Of course, the larger problem is that people pay too little attention to saving and retirement altogether. They either buy into the notion that someone else will take care of it (Social Security, a pension if they have it) or that “their ship will come in” (in the form of an inheritance or the lottery) or, most perniciously, that things just get better and better over time.
That last illusion is the dangerous one. Far too many people fail to save and then find themselves downsized at the height of their earning capacity, never to recover.
Or they save enough but let their investments careen from risky bet to risky bet, hoping to build a nest egg on the backs of legions of “bigger fools” in the marketplace.
Like diet and exercise, retirement saving is a lifelong endeavor, a habit more than a single decision along the way. Simple investing is daily investing.
Similar to eating less and moving more, the trick to retiring on time is to save without thinking. You can do simple investing by automating withdrawals from your pay into a retirement account. By dedicating raises to saving more. And by spending less.
After that’s set up, the only thing left to do is…nothing.
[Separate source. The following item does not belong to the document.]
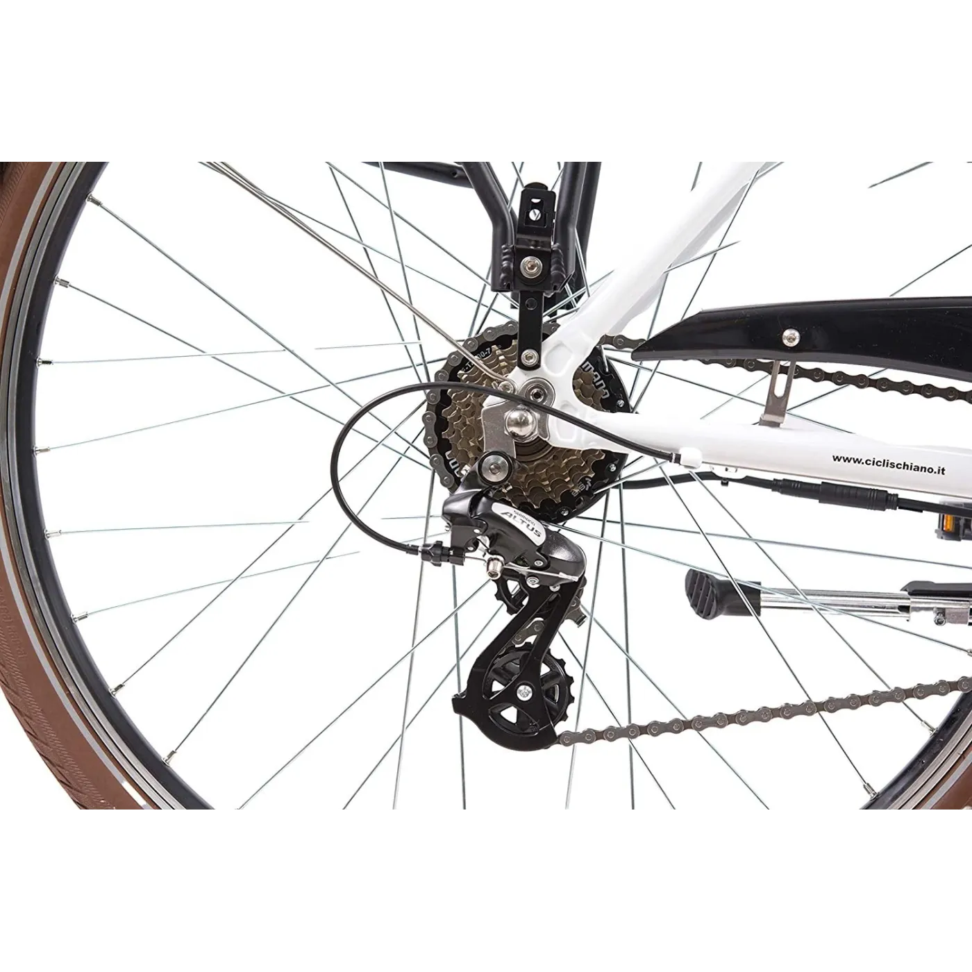 Silnik o mocy 250W oraz akumulator o pojemności 10,4Ah pozwala na pokonanie nawet do 50 km! (w zależności od wagi użytkownika, warunków i trybu jazdy) Bateria umieszczona jest pod bagażnikiem, dzięki czemu rower nie traci miejsca do transportu bagażu. Dodatkowym atutem jest komfortowa pozycja jazdy, którą zapewnia wygodne siodełko i szeroka kierownica. Rower wyposażony jest w 21 biegów, co ułatwia podróżowanie po zróżnicowanym terenie oraz dwa hamulce V-brake. E-Ride posiada wszystkie potrzebne akcesoria, tj. błotniki, bagażnik, stopkę i oświetlenie oraz dzwonek - zapewniając tym bezpieczeństwo jazdy.

Well, not actually nothing at all. Two problems begin at this stage, doing too little and doing too much.
Doing too little is putting your cash into a money market or CD and letting it sit for 20 years. Inflation will ensure that you lose money with this plan, but it happens to some.
That’s why, increasingly, 401(k) plans “default” into target-date funds that programmatically buy a mix of stocks and bonds based on your age and retirement target.
Then there’s doing too much, the investment equivalent of yo-yo dieting.
Years of research have shown, and investors are starting to realize, that the more active you are as an investor, the more likely you are to throw away gains the market will hand you simply for being patient.
As to what to buy, the answer is much like good dieting choices: a selection of assets in reasonable portions, each designed to provide the right nutrients to the parts of your portfolio that need it.